By Cllr Mike Eddy, Deal Town Council, Walmer Council
That’s the headline on the front cover of the latest edition of British Archaeology, published by the national Council for British Archaeology. Half the edition is devoted to the impacts of coastal erosion and the destruction of bogs and wetlands in the build-up to November’s Cop26 confernence in Glasgow.
Of special interest to those of us in East Kent is report of CITiZAN (the Coastal and Intertidal Zone Archaeological Network) which carried out work in Sandwich Bay where wooden fish traps have been recorded, the positions of which can shed light on coastal and tidal changes.

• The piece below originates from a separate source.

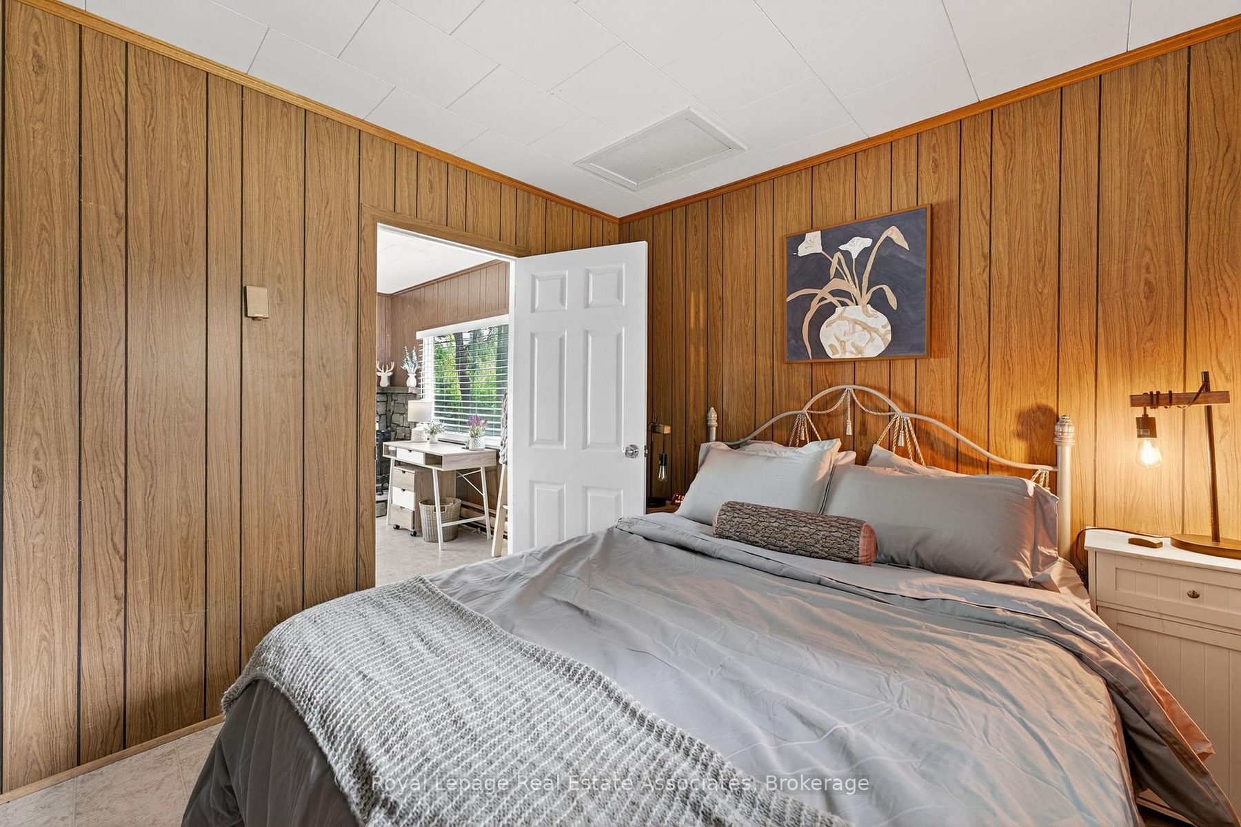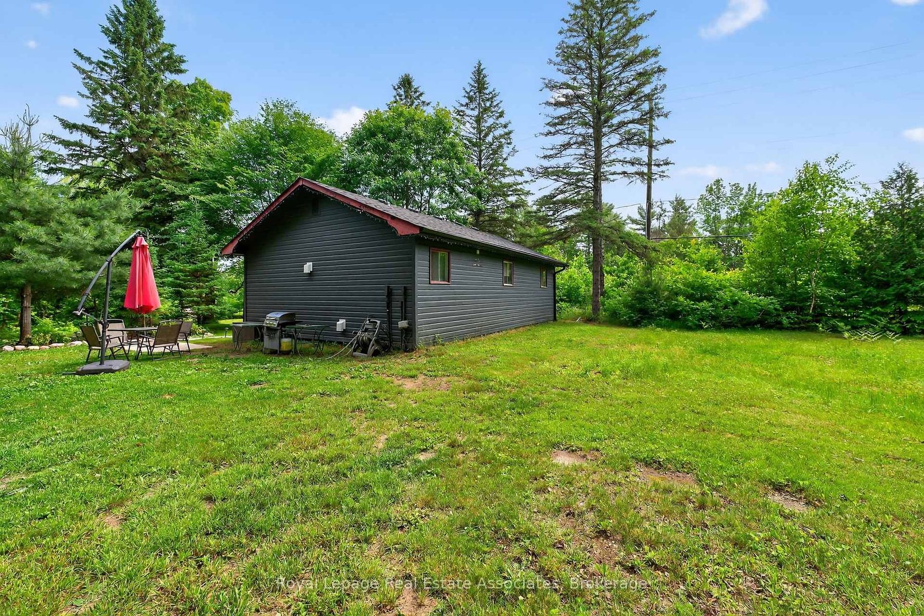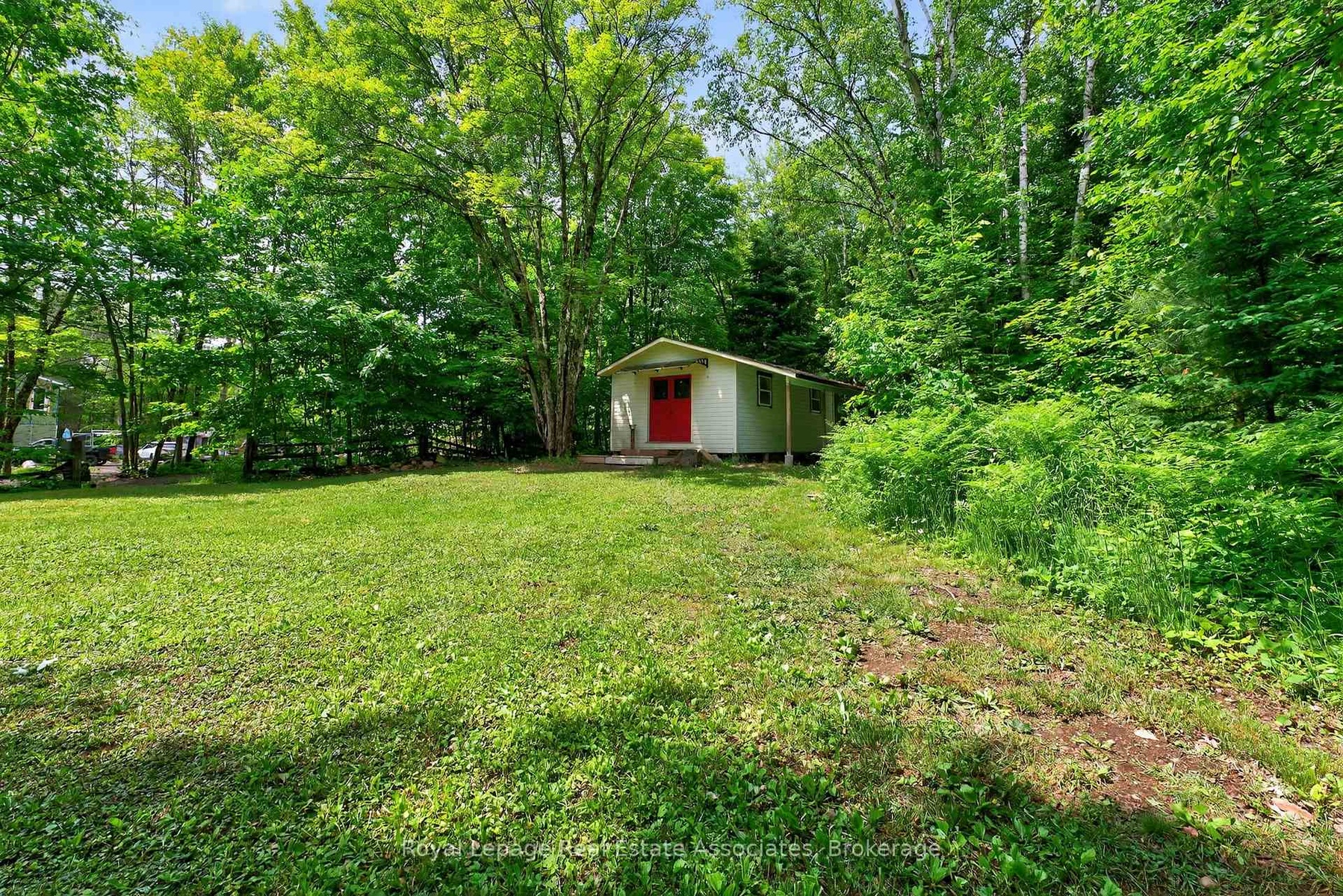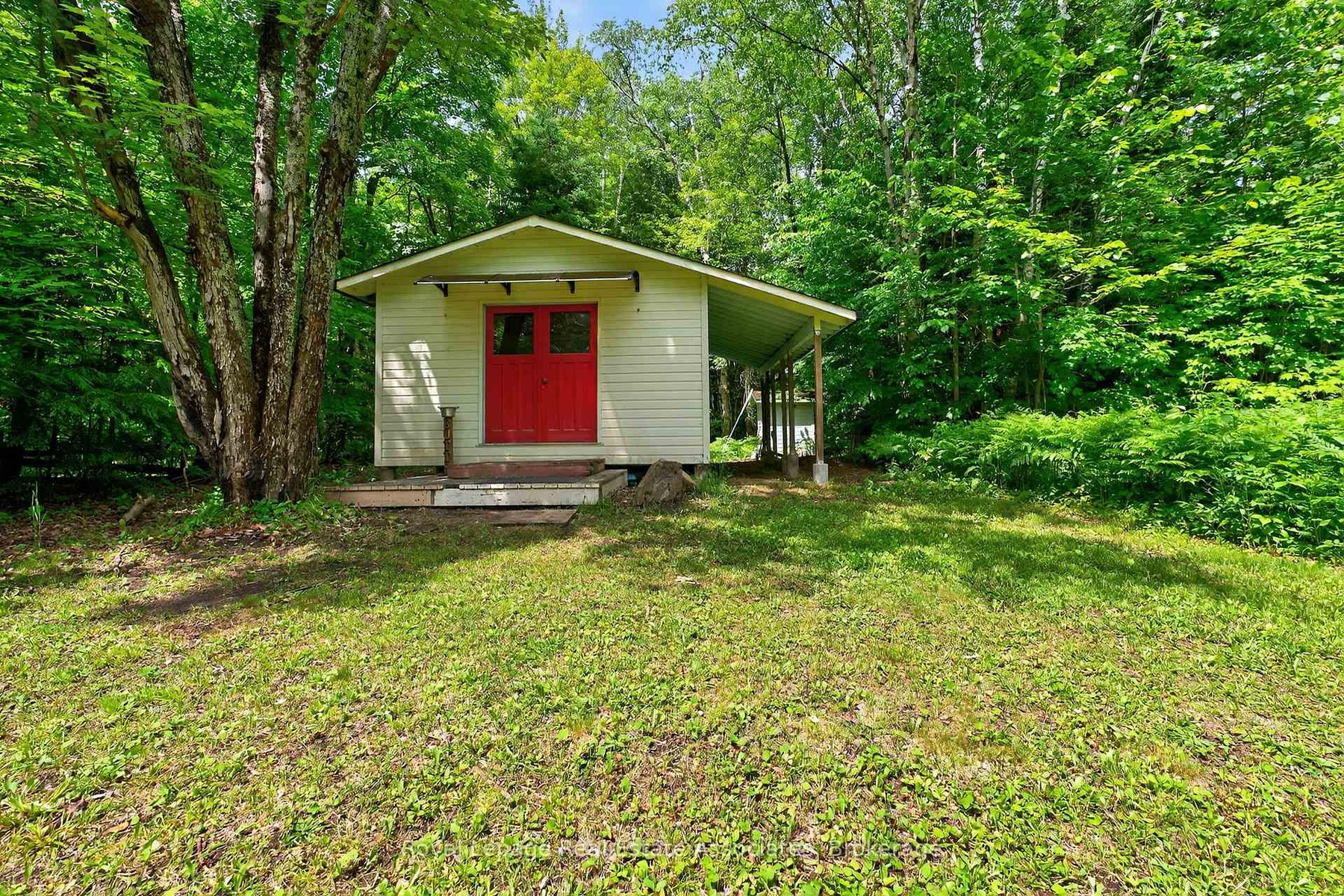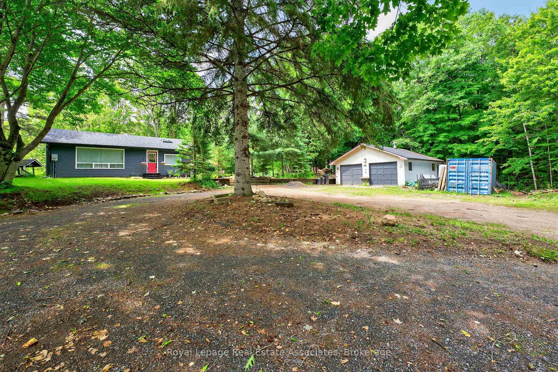 Welcome to your peaceful escape in the heart of the Algonquin Highlands! Situated directly across from the pristine waters of Halls Lake. Set on a spacious, tree-lined lot, the main home is a cozy 2-bedroom, 1-bathroom bungalow featuring an open-concept living and dining area, as well as a well-equipped and convenient kitchen and laundry area. A large picture window in the living room fills the space with natural light and serene views. Ideal for hosting family and friends or creating a private rental opportunity. The property also includes a separate 1-bedroom guest suite offering comfort, privacy, and flexibility for year-round enjoyment. This suite has been roughed in for a full bathroom and kitchenette just waiting for you to add your personal touch. A detached double car garage provides ample storage for vehicles, tools, and recreational gear, making it easy to explore everything this sought-after lakefront community has to offer. Whether you're looking for a weekend getaway or a full-time residence surrounded by nature, this property is a rare gem just steps from swimming, boating, fishing, and the scenic beauty of Halls Lake. *Please See Schedule C for a full list of additional improvements and details on the home and surrounding area

But one of the most worrying discoveries of the CITiZAN project has been along the coast of Mersea Island off the coast of Essex. Back in the 1920s the shore of Mersea Island was protected by various sea grasses, particularly eel grass, but the heavy use of fertilisers in the 1940s polluted the estuary and killed off the eel grass leaving the shoreline exposed to erosion. Coastal biodiversity began to collapse and was made worse by the use of anti-fouling paint on boat hulls. Cockles and winkles were wiped out by the 1980s with oysters in sharp decline. Chemicals had all but destroyed a local industry which had existed since Roman times, and parts of the island are being redeposited in sand banks.